Given an input video $V=\left\{I_{t}\right\}_{t=1}^{T}$ of length $T$ , we resize each frame at a resolution of $224\times 224$ . The output of TAPE when applied to this input is a per-frame probability distribution for the human pose and point estimates for the human shape as well as camera parameters. We represent the human body using the SMPL [23] model. SMPL provides a function $M(\theta,\beta)$ that takes as input the pose parameters $\theta\in\mathbb{R}^{72}$ and the shape parameters $\beta\in\mathbb{R}^{10}$ , and returns the body mesh $M\in\mathbb{R}^{N\times 3}$ , with $N=6890$ vertices. The proposed deep learning architecture is illustrated in Figure 2 and detailed in the following sections.

3.1 Temporal encoding

We use a pretrained ResNet-50 [8] backbone from ProHMR that was trained on standard human pose and shape estimation datasets. The backbone extracts static features for each frame of the video. We consider $T=16$ frames at a time and, following Wei et al. [34], the features are sent to the Motion Continuity Attention module that outputs $T$ temporal features. The $T$ temporal features are integrated to a single feature context vector $c$ by the Hierarchical Feature Integration module proposed by Wei et al. [34].

3.2 Normalizing flows

Following Kolotouros et al. [19], we model $p(\theta|I)$ using Conditional Normalizing Flows. We learn a mapping $f:\mathbb{R}^{d}\times\mathbb{R}^{c}\to\mathbb{R}^{d}$ that is bijective in the latent variable $z$ and the pose parameters $\theta$ , and is parametrized by the image features $g=c(I)$ . More specifically, $\theta=f(z;c)$ and $z=f^{-1}(\theta;c)$ . The choice of this particular model class enables to perform both fast likelihood computation and sampling from the distribution.
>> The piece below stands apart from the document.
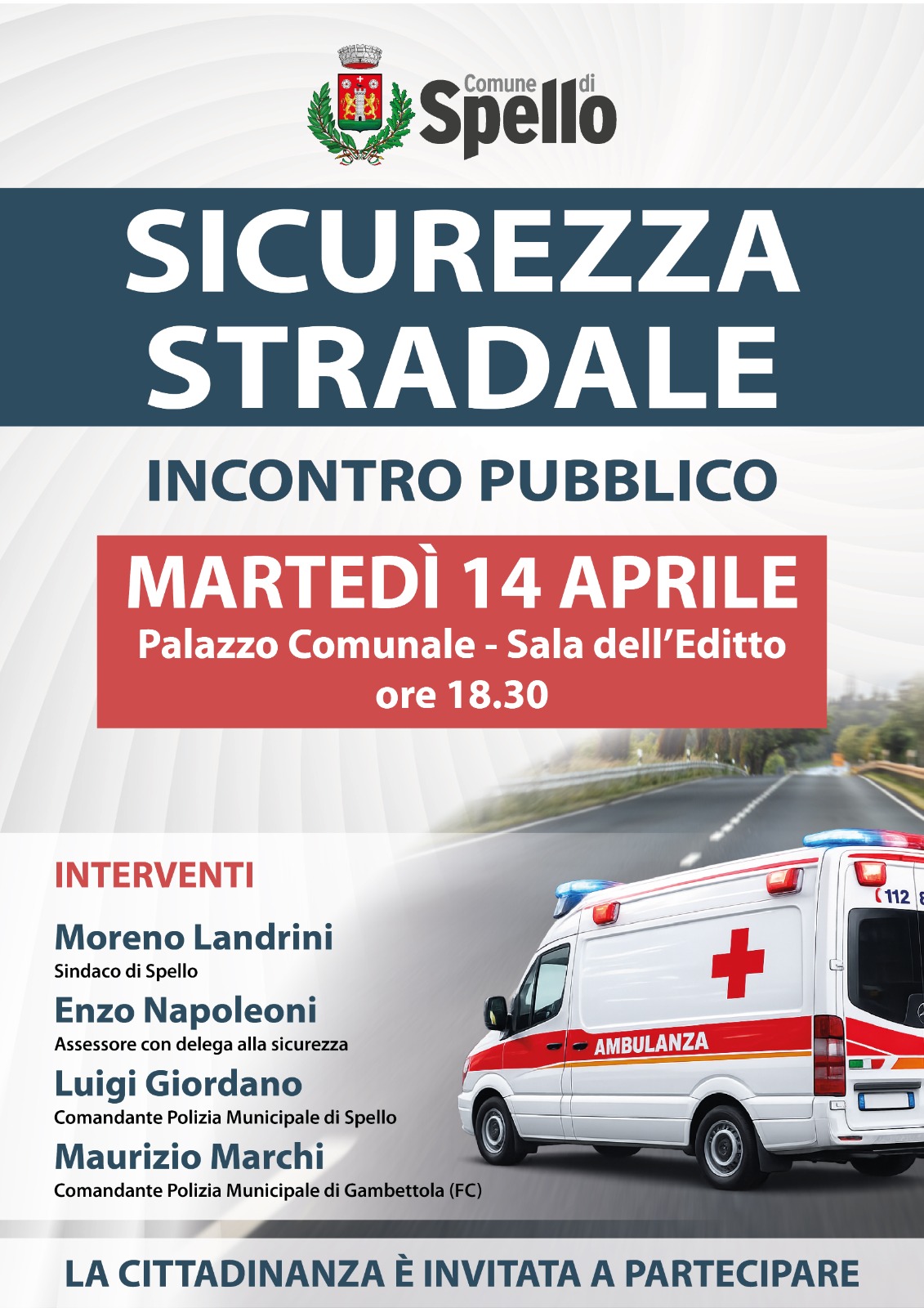 Un incontro pubblico dedicato alla sicurezza stradale per informare e sensibilizzare la cittadinanza sui comportamenti corretti da adottare alla guida e sulle principali novità normative. L’iniziativa, promossa dal Comune di Spello – Settore Polizia Municipale, è in programma per martedì 14 aprile, alle ore 18.30, nella Sala dell’Editto del Palazzo Comunale. Nel corso dell’incontro verranno approfonditi temi fondamentali per la sicurezza di tutti gli utenti della strada: la guida in stato di ebbrezza o sotto l’effetto di sostanze stupefacenti, il rispetto dei limiti di velocità e le conseguenze – sia in termini di sanzioni che di rischi personali e collettivi – derivanti da comportamenti scorretti. Verranno inoltre illustrate le più recenti disposizioni riguardanti i veicoli elettrici, con particolare attenzione all’utilizzo di monopattini elettrici e biciclette a pedalata assistita. Saranno approfonditi aspetti pratici e obblighi previsti dalla normativa, come l’applicazione del contrassegno identificativo e le regole per una circolazione sicura. Interverranno il Sindaco Moreno Landrini, l’assessore con delega alla sicurezza, Enzo Napoleoni, il comandante della Polizia Municipale di Spello, Luigi Giordano e il Comandante della Polizia Municipale di Gambettola (FC), Maurizio Marchi.

Another useful property is that, as shown in Kolotouros et al. [19], the mode of the output distribution is the transformation on $z=0$ , i.e.,

\theta^{\overset{*}{}}=argmax_{\theta}(\theta|c)=f(0;c),

(1)

which means that in the absence of additional evidence, the probabilistic model can be used to make predictions by choosing the sample with the maximum probability.

3.3 MLP

Camera parameters $\pi$ and SMPL shape parameters $\beta$ are regressed by a small pretrained MLP as in ProHMR. The MLP takes as input the context vector $c$ and outputs matrices of shape and camera parameters per frame.

3.4 Motion discriminator

We train a motion discriminator as in Kocabas et al. [15] using the AMASS dataset [25]. The motion discriminator enforces the generator, i.e. our network, to produce plausible human motions and shapes. The discriminator takes as input the poses $\Theta$ that the generator predicted and outputs a value $\in[0,1]$ representing the probability that $\hat{\Theta}$ belongs to the manifold of plausible human motions. The motion discriminator consists of a GRU with 2 layers and hidden size 1024. The aggregation of hidden states is done by a self-attention mechanism. The objective function for training the Motion Discriminator is:

L_{DM}=E_{\Theta~{}p_{R}}[(D_{M}(\Theta)-1)^{2}]+E_{\Theta~{}p_{G}}[D_{M}(\hat{\Theta})^{2}],

(2)

where $p_{R}$ is a real motion sequence from the AMASS dataset, while $p_{G}$ is a generated motion sequence. Since $D_{M}$ is trained on ground-truth poses, it also learns plausible body pose configurations. Therefore, the pose discriminator that was used in ProHMR is not needed in our method.

3.5 Training objective

Due to lack of ground truth SMPL annotations in some of the datasets, we use mixed training following ProHMR. When SMPL data are available, we minimize the negative log-likelihood of the ground truth examples $\theta_{gt}$

L_{nll}=-\ln{p_{\Theta|V}}(\theta_{gt}|c).

(3)

In every dataset, we minimize the reprojection loss jointly with an adversarial motion prior based on the motion discriminator described in Section 3.4. In notation,

L_{exp}=E_{z~{}p_{z}}[L_{2D}(f(z;c),\beta,\pi)+L_{adv}(f(z;c),]

(4)

where

L_{adv}=E_{\Theta~{}p_{G}}[(D_{M}(\hat{\Theta})-1)^{2}].

(5)

For each image $I$ , the mode $\theta^{*}_{I}$ of the output distribution corresponds to the transformation of $z=0$ . We do this by explicitly supervising $\theta^{*}_{I}$ with all the available annotations as in a standard regression framework and minimize

L_{mode}=L_{3D}(\theta^{*}_{I},\beta_{+}L_{2D})+L_{adv}(\theta^{*}_{I}).

(6)

Following ProHMR, we use 6D representation [37] to model rotations and the $L_{orth}$ loss to force the 6D representations of the samples drawn from the distribution to be close to the orthonormal 6D representation.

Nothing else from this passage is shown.